-------- Provided entries

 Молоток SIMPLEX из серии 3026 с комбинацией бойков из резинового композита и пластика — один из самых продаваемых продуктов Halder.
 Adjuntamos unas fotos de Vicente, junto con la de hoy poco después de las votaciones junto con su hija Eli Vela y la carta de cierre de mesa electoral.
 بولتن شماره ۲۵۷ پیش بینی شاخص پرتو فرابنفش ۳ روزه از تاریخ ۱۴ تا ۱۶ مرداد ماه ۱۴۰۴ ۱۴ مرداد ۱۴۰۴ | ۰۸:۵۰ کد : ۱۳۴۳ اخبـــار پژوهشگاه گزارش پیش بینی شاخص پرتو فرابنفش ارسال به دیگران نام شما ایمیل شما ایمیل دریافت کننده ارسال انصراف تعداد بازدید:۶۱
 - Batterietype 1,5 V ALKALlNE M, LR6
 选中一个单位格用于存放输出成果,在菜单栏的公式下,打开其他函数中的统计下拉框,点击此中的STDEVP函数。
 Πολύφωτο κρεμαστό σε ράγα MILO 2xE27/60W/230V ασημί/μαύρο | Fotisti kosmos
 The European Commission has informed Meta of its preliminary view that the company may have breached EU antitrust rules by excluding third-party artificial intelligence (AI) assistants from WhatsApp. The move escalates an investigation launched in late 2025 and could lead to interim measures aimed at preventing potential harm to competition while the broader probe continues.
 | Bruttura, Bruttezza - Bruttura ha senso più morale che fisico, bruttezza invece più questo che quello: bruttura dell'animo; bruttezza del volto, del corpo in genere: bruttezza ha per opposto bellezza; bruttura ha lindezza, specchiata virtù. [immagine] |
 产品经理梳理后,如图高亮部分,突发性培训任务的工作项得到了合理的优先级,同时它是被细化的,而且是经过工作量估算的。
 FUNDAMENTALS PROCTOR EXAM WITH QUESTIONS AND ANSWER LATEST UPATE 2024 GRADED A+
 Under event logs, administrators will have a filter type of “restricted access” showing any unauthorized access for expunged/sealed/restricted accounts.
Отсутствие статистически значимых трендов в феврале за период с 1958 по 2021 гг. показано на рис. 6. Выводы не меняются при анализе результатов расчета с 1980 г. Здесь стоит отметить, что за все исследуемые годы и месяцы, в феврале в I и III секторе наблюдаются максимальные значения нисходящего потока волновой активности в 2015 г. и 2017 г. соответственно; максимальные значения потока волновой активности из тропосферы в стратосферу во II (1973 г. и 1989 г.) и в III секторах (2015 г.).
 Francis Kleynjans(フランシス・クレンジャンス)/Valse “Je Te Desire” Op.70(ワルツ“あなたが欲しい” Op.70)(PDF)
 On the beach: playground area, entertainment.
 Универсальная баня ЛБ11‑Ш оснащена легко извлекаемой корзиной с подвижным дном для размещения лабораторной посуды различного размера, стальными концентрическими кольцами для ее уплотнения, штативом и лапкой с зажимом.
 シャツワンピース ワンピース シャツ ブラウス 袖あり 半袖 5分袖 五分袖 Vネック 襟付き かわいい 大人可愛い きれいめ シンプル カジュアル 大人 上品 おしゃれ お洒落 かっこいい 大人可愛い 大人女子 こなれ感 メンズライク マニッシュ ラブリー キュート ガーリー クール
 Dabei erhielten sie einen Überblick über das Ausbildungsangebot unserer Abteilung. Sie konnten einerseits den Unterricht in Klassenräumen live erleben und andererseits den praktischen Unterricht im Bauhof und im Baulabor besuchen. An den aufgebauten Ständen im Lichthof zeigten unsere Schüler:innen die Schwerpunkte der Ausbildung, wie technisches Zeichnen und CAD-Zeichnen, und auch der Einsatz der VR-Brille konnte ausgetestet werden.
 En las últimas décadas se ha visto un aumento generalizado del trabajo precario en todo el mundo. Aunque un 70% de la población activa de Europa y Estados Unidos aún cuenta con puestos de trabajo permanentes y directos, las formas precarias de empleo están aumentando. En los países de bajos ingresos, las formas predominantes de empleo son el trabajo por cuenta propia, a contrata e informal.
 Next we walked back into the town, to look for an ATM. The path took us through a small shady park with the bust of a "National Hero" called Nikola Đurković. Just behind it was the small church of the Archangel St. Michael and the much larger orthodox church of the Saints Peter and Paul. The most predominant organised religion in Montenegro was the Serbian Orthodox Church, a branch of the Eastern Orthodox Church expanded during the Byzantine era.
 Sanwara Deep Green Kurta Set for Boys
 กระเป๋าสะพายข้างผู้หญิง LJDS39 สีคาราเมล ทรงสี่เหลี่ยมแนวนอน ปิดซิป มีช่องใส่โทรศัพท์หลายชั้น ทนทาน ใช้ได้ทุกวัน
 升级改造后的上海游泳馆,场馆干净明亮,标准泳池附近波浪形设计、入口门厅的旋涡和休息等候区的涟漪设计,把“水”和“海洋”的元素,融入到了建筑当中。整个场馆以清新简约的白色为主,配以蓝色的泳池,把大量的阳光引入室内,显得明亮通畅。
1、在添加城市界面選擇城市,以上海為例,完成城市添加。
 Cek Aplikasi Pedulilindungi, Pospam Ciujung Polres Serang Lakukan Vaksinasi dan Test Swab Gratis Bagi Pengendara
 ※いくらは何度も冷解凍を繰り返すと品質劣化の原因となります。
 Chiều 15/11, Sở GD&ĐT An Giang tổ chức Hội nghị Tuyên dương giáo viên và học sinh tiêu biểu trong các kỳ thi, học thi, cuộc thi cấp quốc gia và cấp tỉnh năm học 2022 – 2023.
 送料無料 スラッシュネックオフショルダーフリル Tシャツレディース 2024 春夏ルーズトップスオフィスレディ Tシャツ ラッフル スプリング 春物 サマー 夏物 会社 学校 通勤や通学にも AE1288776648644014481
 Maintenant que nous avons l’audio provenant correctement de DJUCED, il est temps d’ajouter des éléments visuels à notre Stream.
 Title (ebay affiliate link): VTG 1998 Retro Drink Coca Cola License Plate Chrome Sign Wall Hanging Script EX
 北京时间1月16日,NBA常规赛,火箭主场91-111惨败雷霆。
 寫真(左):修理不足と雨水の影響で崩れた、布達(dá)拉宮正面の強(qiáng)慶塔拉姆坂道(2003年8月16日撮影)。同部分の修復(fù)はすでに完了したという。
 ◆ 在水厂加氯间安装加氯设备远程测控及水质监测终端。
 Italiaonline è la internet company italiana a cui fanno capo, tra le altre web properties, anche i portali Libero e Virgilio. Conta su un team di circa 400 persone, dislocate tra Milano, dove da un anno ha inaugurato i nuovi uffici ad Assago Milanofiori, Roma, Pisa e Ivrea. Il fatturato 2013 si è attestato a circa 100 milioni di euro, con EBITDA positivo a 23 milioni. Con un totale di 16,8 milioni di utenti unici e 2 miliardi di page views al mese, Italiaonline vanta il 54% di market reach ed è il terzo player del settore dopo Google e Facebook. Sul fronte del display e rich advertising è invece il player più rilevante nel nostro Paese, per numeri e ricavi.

----------------

#### [Your instructions]
Word for word, restate each of the records above.

#### [Written response]
 Молоток SIMPLEX из серии 3026 с комбинацией бойков из резинового композита и пластика — один из самых продаваемых продуктов Halder.
 Adjuntamos unas fotos de Vicente, junto con la de hoy poco después de las votaciones junto con su hija Eli Vela y la carta de cierre de mesa electoral.
 بولتن شماره ۲۵۷ پیش بینی شاخص پرتو فرابنفش ۳ روزه از تاریخ ۱۴ تا ۱۶ مرداد ماه ۱۴۰۴ ۱۴ مرداد ۱۴۰۴ | ۰۸:۵۰ کد : ۱۳۴۳ اخبـــار پژوهشگاه گزارش پیش بینی شاخص پرتو فرابنفش ارسال به دیگران نام شما ایمیل شما ایمیل دریافت کننده ارسال انصراف تعداد بازدید:۶۱
 - Batterietype 1,5 V ALKALlNE M, LR6
 选中一个单位格用于存放输出成果,在菜单栏的公式下,打开其他函数中的统计下拉框,点击此中的STDEVP函数。
 Πολύφωτο κρεμαστό σε ράγα MILO 2xE27/60W/230V ασημί/μαύρο | Fotisti kosmos
 The European Commission has informed Meta of its preliminary view that the company may have breached EU antitrust rules by excluding third-party artificial intelligence (AI) assistants from WhatsApp. The move escalates an investigation launched in late 2025 and could lead to interim measures aimed at preventing potential harm to competition while the broader probe continues.
 | Bruttura, Bruttezza - Bruttura ha senso più morale che fisico, bruttezza invece più questo che quello: bruttura dell'animo; bruttezza del volto, del corpo in genere: bruttezza ha per opposto bellezza; bruttura ha lindezza, specchiata virtù. [immagine] |
 产品经理梳理后,如图高亮部分,突发性培训任务的工作项得到了合理的优先级,同时它是被细化的,而且是经过工作量估算的。
 FUNDAMENTALS PROCTOR EXAM WITH QUESTIONS AND ANSWER LATEST UPATE 2024 GRADED A+
 Under event logs, administrators will have a filter type of “restricted access” showing any unauthorized access for expunged/sealed/restricted accounts.
Отсутствие статистически значимых трендов в феврале за период с 1958 по 2021 гг. показано на рис. 6. Выводы не меняются при анализе результатов расчета с 1980 г. Здесь стоит отметить, что за все исследуемые годы и месяцы, в феврале в I и III секторе наблюдаются максимальные значения нисходящего потока волновой активности в 2015 г. и 2017 г. соответственно; максимальные значения потока волновой активности из тропосферы в стратосферу во II (1973 г. и 1989 г.) и в III секторах (2015 г.).
 Francis Kleynjans(フランシス・クレンジャンス)/Valse “Je Te Desire” Op.70(ワルツ“あなたが欲しい” Op.70)(PDF)
 On the beach: playground area, entertainment.
 Универсальная баня ЛБ11‑Ш оснащена легко извлекаемой корзиной с подвижным дном для размещения лабораторной посуды различного размера, стальными концентрическими кольцами для ее уплотнения, штативом и лапкой с зажимом.
 シャツワンピース ワンピース シャツ ブラウス 袖あり 半袖 5分袖 五分袖 Vネック 襟付き かわいい 大人可愛い きれいめ シンプル カジュアル 大人 上品 おしゃれ お洒落 かっこいい 大人可愛い 大人女子 こなれ感 メンズライク マニッシュ ラブリー キュート ガーリー クール
 Dabei erhielten sie einen Überblick über das Ausbildungsangebot unserer Abteilung. Sie konnten einerseits den Unterricht in Klassenräumen live erleben und andererseits den praktischen Unterricht im Bauhof und im Baulabor besuchen. An den aufgebauten Ständen im Lichthof zeigten unsere Schüler:innen die Schwerpunkte der Ausbildung, wie technisches Zeichnen und CAD-Zeichnen, und auch der Einsatz der VR-Brille konnte ausgetestet werden.
 En las últimas décadas se ha visto un aumento generalizado del trabajo precario en todo el mundo. Aunque un 70% de la población activa de Europa y Estados Unidos aún cuenta con puestos de trabajo permanentes y directos, las formas precarias de empleo están aumentando. En los países de bajos ingresos, las formas predominantes de empleo son el trabajo por cuenta propia, a contrata e informal.
 Next we walked back into the town, to look for an ATM. The path took us through a small shady park with the bust of a "National Hero" called Nikola Đurković. Just behind it was the small church of the Archangel St. Michael and the much larger orthodox church of the Saints Peter and Paul. The most predominant organised religion in Montenegro was the Serbian Orthodox Church, a branch of the Eastern Orthodox Church expanded during the Byzantine era.
 Sanwara Deep Green Kurta Set for Boys
 กระเป๋าสะพายข้างผู้หญิง LJDS39 สีคาราเมล ทรงสี่เหลี่ยมแนวนอน ปิดซิป มีช่องใส่โทรศัพท์หลายชั้น ทนทาน ใช้ได้ทุกวัน
 升级改造后的上海游泳馆,场馆干净明亮,标准泳池附近波浪形设计、入口门厅的旋涡和休息等候区的涟漪设计,把“水”和“海洋”的元素,融入到了建筑当中。整个场馆以清新简约的白色为主,配以蓝色的泳池,把大量的阳光引入室内,显得明亮通畅。
1、在添加城市界面選擇城市,以上海為例,完成城市添加。
 Cek Aplikasi Pedulilindungi, Pospam Ciujung Polres Serang Lakukan Vaksinasi dan Test Swab Gratis Bagi Pengendara
 ※いくらは何度も冷解凍を繰り返すと品質劣化の原因となります。
 Chiều 15/11, Sở GD&ĐT An Giang tổ chức Hội nghị Tuyên dương giáo viên và học sinh tiêu biểu trong các kỳ thi, học thi, cuộc thi cấp quốc gia và cấp tỉnh năm học 2022 – 2023.
 送料無料 スラッシュネックオフショルダーフリル Tシャツレディース 2024 春夏ルーズトップスオフィスレディ Tシャツ ラッフル スプリング 春物 サマー 夏物 会社 学校 通勤や通学にも AE1288776648644014481
 Maintenant que nous avons l’audio provenant correctement de DJUCED, il est temps d’ajouter des éléments visuels à notre Stream.
 Title (ebay affiliate link): VTG 1998 Retro Drink Coca Cola License Plate Chrome Sign Wall Hanging Script EX
 北京时间1月16日,NBA常规赛,火箭主场91-111惨败雷霆。
 寫真(左):修理不足と雨水の影響で崩れた、布達(dá)拉宮正面の強(qiáng)慶塔拉姆坂道(2003年8月16日撮影)。同部分の修復(fù)はすでに完了したという。
 ◆ 在水厂加氯间安装加氯设备远程测控及水质监测终端。
 Italiaonline è la internet company italiana a cui fanno capo, tra le altre web properties, anche i portali Libero e Virgilio. Conta su un team di circa 400 persone, dislocate tra Milano, dove da un anno ha inaugurato i nuovi uffici ad Assago Milanofiori, Roma, Pisa e Ivrea. Il fatturato 2013 si è attestato a circa 100 milioni di euro, con EBITDA positivo a 23 milioni. Con un totale di 16,8 milioni di utenti unici e 2 miliardi di page views al mese, Italiaonline vanta il 54% di market reach ed è il terzo player del settore dopo Google e Facebook. Sul fronte del display e rich advertising è invece il player più rilevante nel nostro Paese, per numeri e ricavi.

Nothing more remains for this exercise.